▶ **Data for the task**:
·····

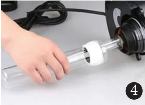
4. Take out the UV lamp shade
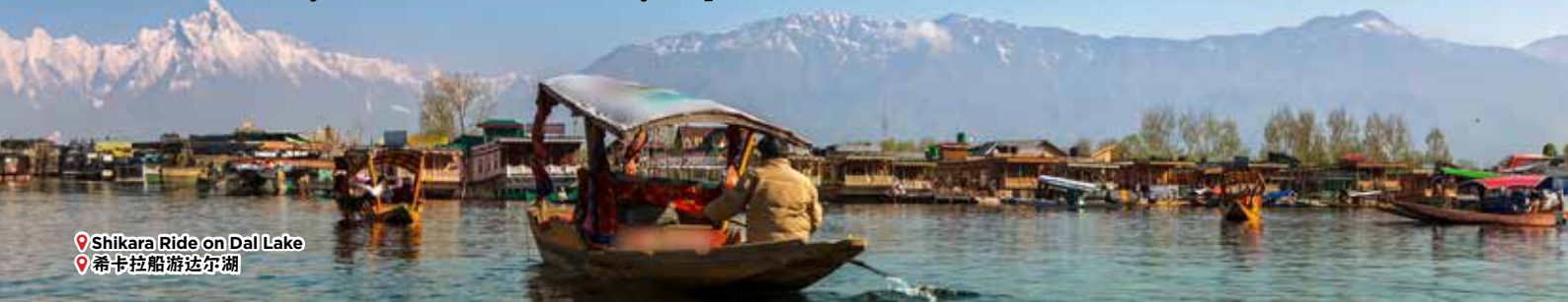
📍 Shikara Ride on Dal Lake 📍 希卡拉船游达尔湖

We live in a wonderful world that is full of beauty, charm and adventure. There is no end to the adventures we can have if only we seek them with our eyes open.
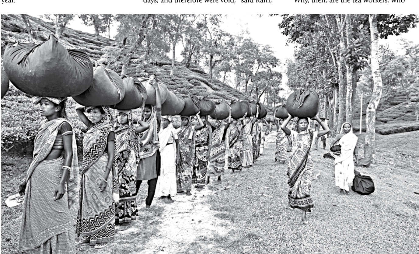
The wage structure announced by the Minimum Wage Board deprives the tea workers of Bangladesh of what they deserve.

Despite all the strong arguments shared by different quarters, including the tea workers' union, the owners' side remains rigid about their position to not increase wages at all. With the workers' representative technically excluded, the wage board has blindly taken the owners' side. We can safely say that the owners have hijacked the wage board, to safeguard their profits. This is not fair. The immediate role of the government is to see that justice is done in giving fair wages to the tea workers.
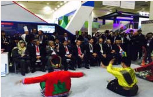
The Malaysian cultural performance, following the official opening ceremony
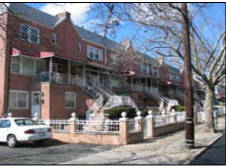
Multi-family attached, E.103rd Street, Avenue J
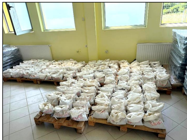
Figure 2: Samples drying prior to dispatch to laboratory
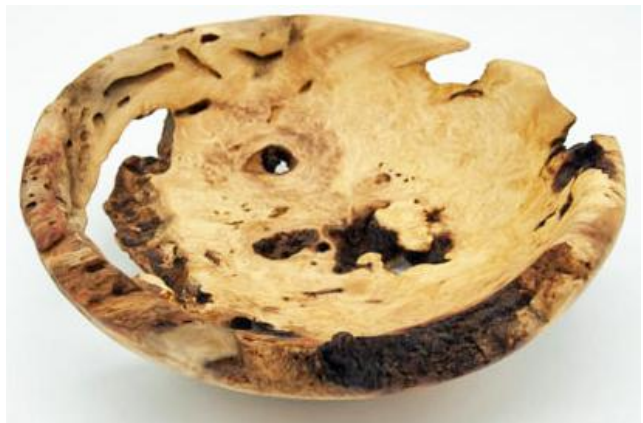
Les Stern – Box Elder Burl
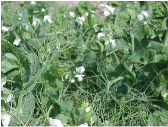
Figure 2. Semi-leafless type pea with white flowers.

maturity, unless planted with a small grain. The other type is semi-leafless, which has modified leaflets reduced to tendrils (Figure 2). This type has more tendrils and shorter vine lengths of two to four feet, which gives semi-leafless types better standability at harvest.
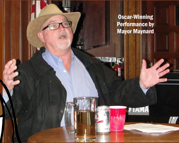
Oscar-Winning Performance by Mayor Maynard
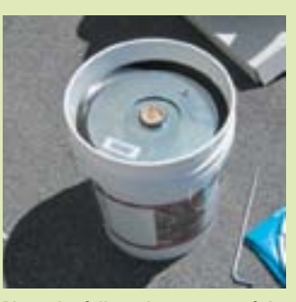
Place the follow plate on top of the chinking pail
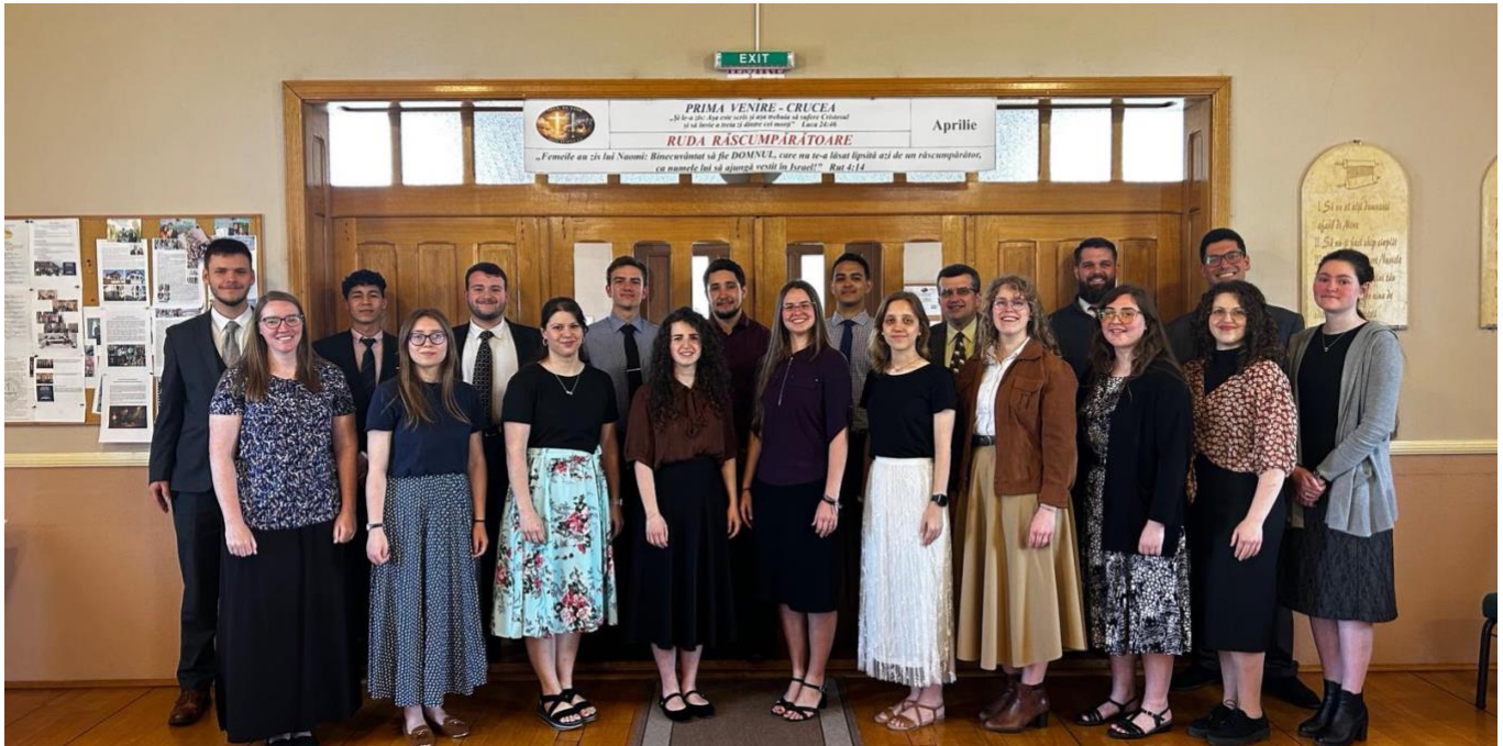
The Baptist College International Student Body and Staff (Spring 2026 Semester)
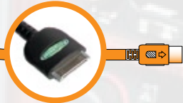
11Ft. iPod Cable
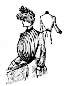
4180 Box Plaited Shirt Waist, 32 to 40 bust

Box plaits appear to gain in favor week by week and are seen in the latest and best designs. stylish waist shows them to advantage and is suited to all waisting materials, cotton, linen, silk and wool, but as illustrated is of white butcher's linen and is worn with a tie and belt of black Liberty satin. The original is unlined, but the fitted foundation is an improvement to wools and silks.
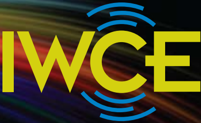
Exhibit Hall Guest Pass

Converge. Collaborate. Communicate. iwceexpo.com
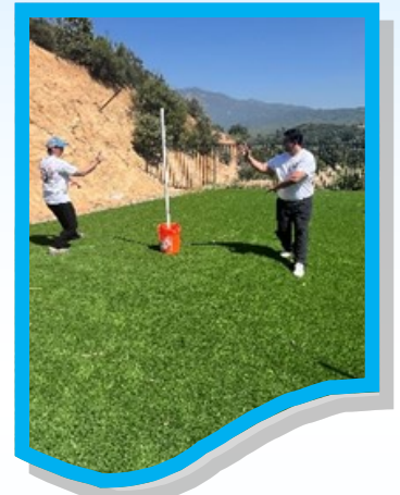
Practicing Ba Kua forms

I am always delighted to hear from all of you. Your dedication to Kung Fu and your respect for me and your grand teachers inspire me daily. Thank you for being part of this incredible journey.
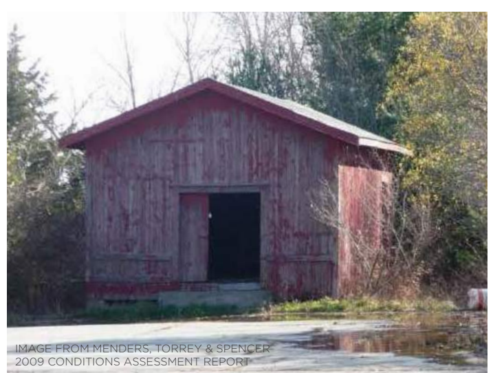
EXTERIOR VIEW OF FREIGHT SHED
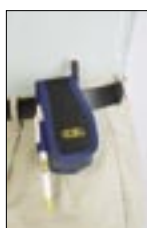
Belt and tools not included
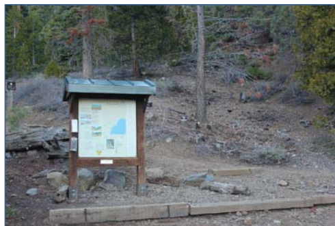
Tahoe Rim Trail - Tahoe City Trailhead

Federal and state agencies are primarily responsible for maintaining and improving backcountry areas and trails. Prominent trails in the Plan area include the Tahoe Rim Trail, Pacific Crest Trail, Rubicon Trail and local connections. Trailheads are located at the Fairway Community Center and 64-Acre Park in Tahoe City, Highlands Community Center in Dollar Hill, and on Forest Service lands in Blackwood Canyon, Ward Creek, and Brockway Summit.
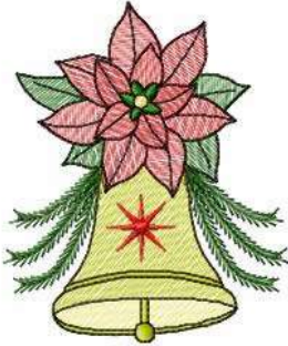
File: MylarChristmasBells01.pes Stitches: 6032 Size: 3.27x3.90 " Size: 83.1x99.0 mm Colors: 8/8 Stops: 7 Stops: 7
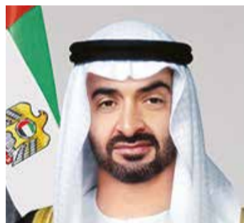
UAE President Shaikh Mohamed bin Zayed Al Nahyan

The king expressed "strong condemnation and denunciation" of the attacks, calling them a dangerous escalation that threatens regional security and stability, and a "blatant violation" of principles of good neighbourliness and international laws and conventions.
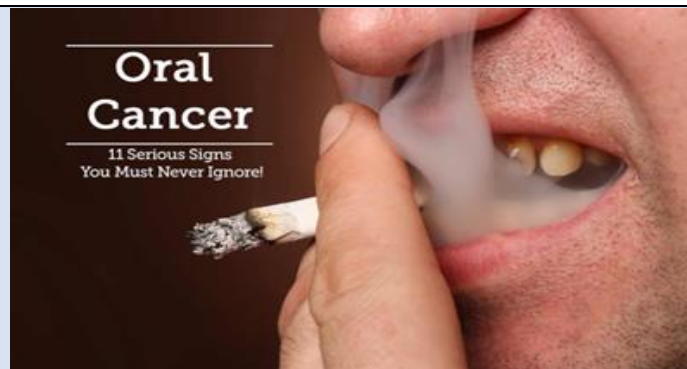
Figure 3: Smoking cigarettes

tongue) are linked to human papillomavirus (HPV), a common sexually transmitted virus. Overexposure to ultraviolet (UV) rays from the sun, tanning beds, or sunlamps is a cause of cancer on the lips. Occupational exposures, or being exposed to certain substances while on the job, can increase the risk of getting cancers in the nasopharynx. Working in the construction, textile, ceramic, logging, and food processing industries can cause people to be exposed to substances like wood dust, formaldehyde, asbestos, nickel, and other chemicals. An infection with the Epstein-Barr virus, a cause of infectious mononucleosis and other illnesses, can raise the risk of cancers in the nose, behind the nose, and cancers of the salivary glands.
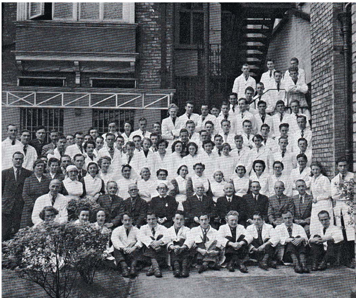
DENTAL HOSPITAL STAFF AND STUDENTS, 1950
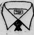
"SUSSEX" Widestread stay collar
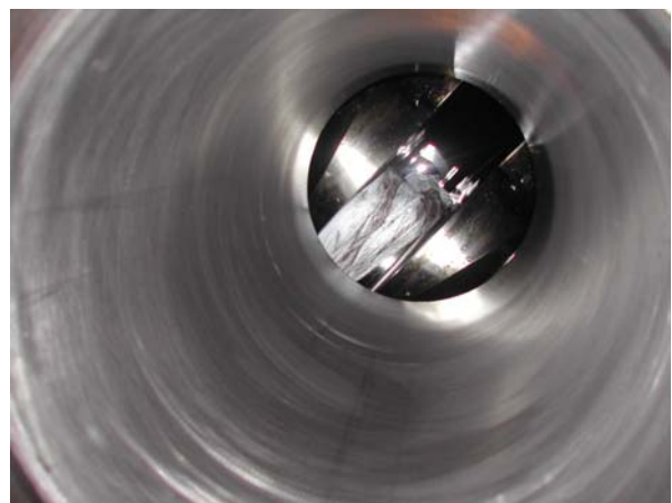
Fig. 12: Cylinder liner after the honing process
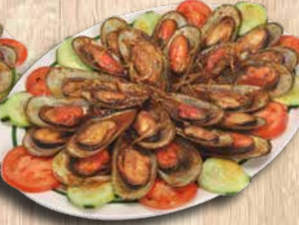
Mejillones Sm 18 99 Lg 32 99 Mussels Nayarit style
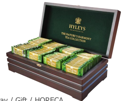
Display / Gift / HORECA Wooden Boxes
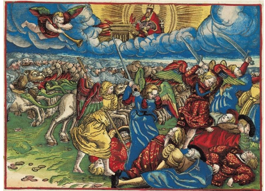
The Luther Bible 1534: Revelation 9:13-21 – The 6 th Angel with the Four Killing Angels from Euphrates, #963

Those who are not yet invited to receive the Sacrament are encouraged to meditate on God's Word in the distribution hymns and pray for the day when our divisions will have ceased.
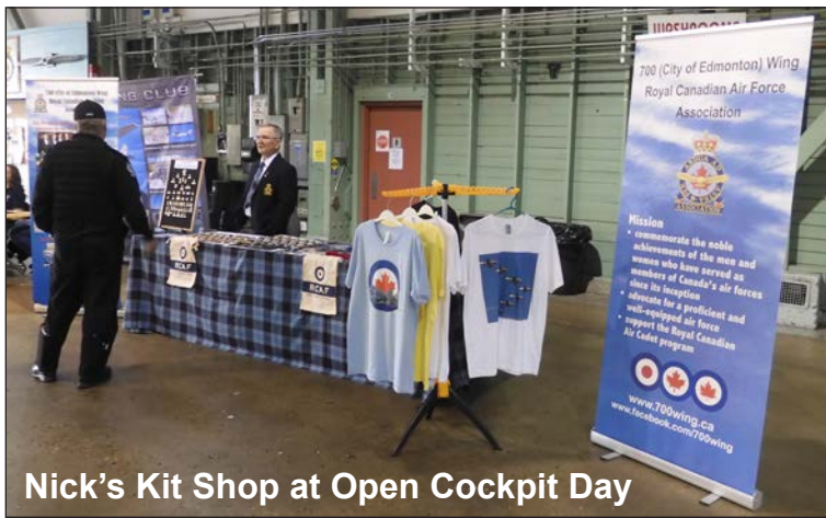
Nick's Kit Shop at Open Cockpit Day

·····

How many of the lines above contain the string "white"? Give the count alone.

▶ **The completed task**: 2